Страница 1 из 13
Александра Вьюга
Ипатов и его поклонники
Глава 1
Ипатов всегда был твёрдо уверен, что он жалок. Жалок и убог. Уверенность эта поселилась в нём с раннего детства, и в дальнейшем Ипатов никогда уже в этом не сомневался.
Родился он в семье воспитательницы детского сада и… и всё. Кроме мамы, Марины Андреевны, у Ипатова никогда никаких других родственников не было.
Сама Марина Андреевна, в ранней юности лишившаяся родителей и получившая от них в наследство двухкомнатную квартиру и некоторые сбережения, девушкой была скромной, но по неопытности не устояла перед напором статного роскошного кудрявого черноволосого мужчины, командированного в их город, и впала с ним во грех. Так и получился Ипатов.
Никаких контактов случайного любовника у Марины Андреевны не оказалось, да и к тому моменту, как выяснилось, что она в положении, пелена с её глаз спала, она припомнила тонкое золотое колечко, виденное ею на безымянном пальце правой руки мужчины, и просто выбросила его из головы.
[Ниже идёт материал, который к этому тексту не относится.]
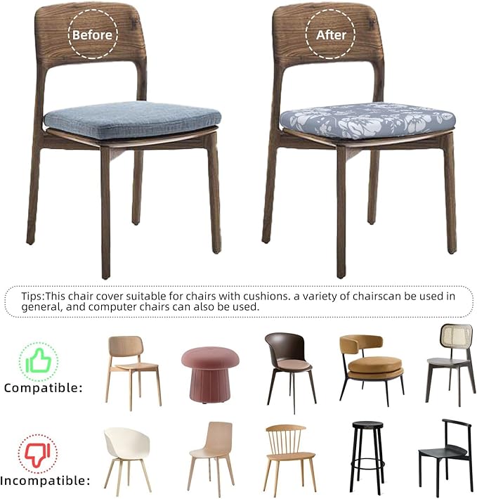 - Perfect Protector: These seat covers for dining room chairs will safeguard your chairs from dust, spills, stains, daily wear and tear, and scratches, making them an excellent choice for homes with kids and pets. These dining chair cushion slipcovers serve as practical chair seat protectors while also adding a decorative touch. You will absolutely love them.
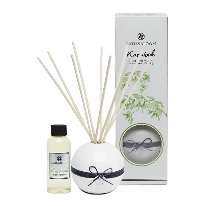 〔 カラウィク リードディフューザーセット 〕内容量:100mlオイル リード 容器付 フローラルとリフレッシュを与える香り このディフューザーは、強く甘い香りが印象づけられますが、タイの文化や習慣に代表されるカラウィク花から漂う気品のある香りです。バス&ブルーム カラウィク ディフューザーでタイの礼儀を体験してみて下さい。私たちの温かいおもてなしが詰まったタイのエッセンスをお楽しみ下さい。 〔 成分一覧 〕 水,エタノール,香料 〔 ご使用方法 〕 セラミック容器にディフューザーオイルを注ぎます。オイルを吸収させるようにリード(スティック棒)を容器に入れて下さい。吸収したリードを逆さまにし、乾いている棒を容器に入れて設置して下さい。お部屋に香りが広がりはじめます。リードの先から香りが広がりますので、香りが弱くなった場合には、オイルで浸されている部分を上にひっくり返して下さい。新鮮な香りが広がります。 設置場所環境によりますが、1ヶ月〜2ヶ月程度持続。
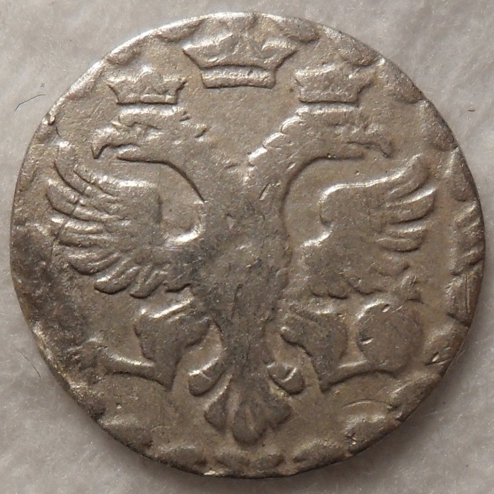 Монета представляет собой медный алтын 1704 года, отчеканенный в правление Петра I. Алтыны этого периода являются редкими и ценными, что делает их частой мишенью для фальсификаторов. В самом посте автор прямо указывает, что это подделка, что является основным фактором для определения.

Можно было искать, подавать на алименты, но Марина Андреевна решила, что ребёнок будет только её. Она прикинула, что на первые годы хватит родительских сбережений, а потом она вернётся в садик и на жизнь так или иначе заработает.
Сыну своему про отца Марина Андреевна никогда ничего не рассказывала. Поначалу он, конечно, задавал вопросы, но постоянно натыкаясь на тишину в ответ, перестал. Ну и слава богу – успокоилась Марина Андреевна и всецело отдалась воспитанию мальчика.
А мальчик практически во всём был похож на свою мать: лицом, хрупким телосложением, лёгким характером, скромностью и даже покорным нравом. Единственное, что у него было от отца – это волосы. «Словно напоминание о моём грехе», – думала Марина Андреевна.
Ипатов всегда был маленького росточка и очень худой. «Дрищ» и «заморыш» – самые безобидные прозвища, которыми его награждали в школьные годы. Его большие, тёмно-карие глаза смотрели из-под аккуратных чёрных бровей всегда настороженно. На бледном лице практически никогда не было улыбки, напротив – узкие губы часто бывали напряжённо поджаты, будто бы их хозяин о чём-то сосредоточенно размышлял или ожидал подвоха.
А ещё те самые, доставшиеся от отца волосы. Чёрные и до безобразия кудрявые. Ипатов их никогда коротко не стриг – считал, что торчащие вверх завитушки прибавляют ему несколько сантиметров роста. Так и ходил смоляным одуванчиком, пока мать не затаскивала его в парикмахерскую. Это в юности, конечно. С возрастом Ипатов начал посещать парикмахерскую сам, потому что дресс-код на работе, и потому что не пристало финансовому аналитику, работающему в крупном банке, гривой трясти. Ну Ипатов и не тряс. Оставлял аккуратную шапочку кудряшек и приводил их в божеский вид по утрам при помощи геля. Да толку-то. К вечеру они всё равно растрёпывались и торчали в разные стороны.
Когда Ипатову исполнилось три годика, Марина Андреевна привела его в детский садик. В свой первый же день маленький Ипатов стоял посреди группы и широко открыв рот смотрел на копошащихся вокруг незнакомых детей.
К нему подошла девочка. Пухлая, румяная, крепко сбитая и почти на голову выше самого Ипатова. У неё были упрямо сжаты губы и сурово насуплены брови. Ипатов уставился на неё с безотчётным страхом.
– Ты кто? – спросила, нависая над ним, девочка.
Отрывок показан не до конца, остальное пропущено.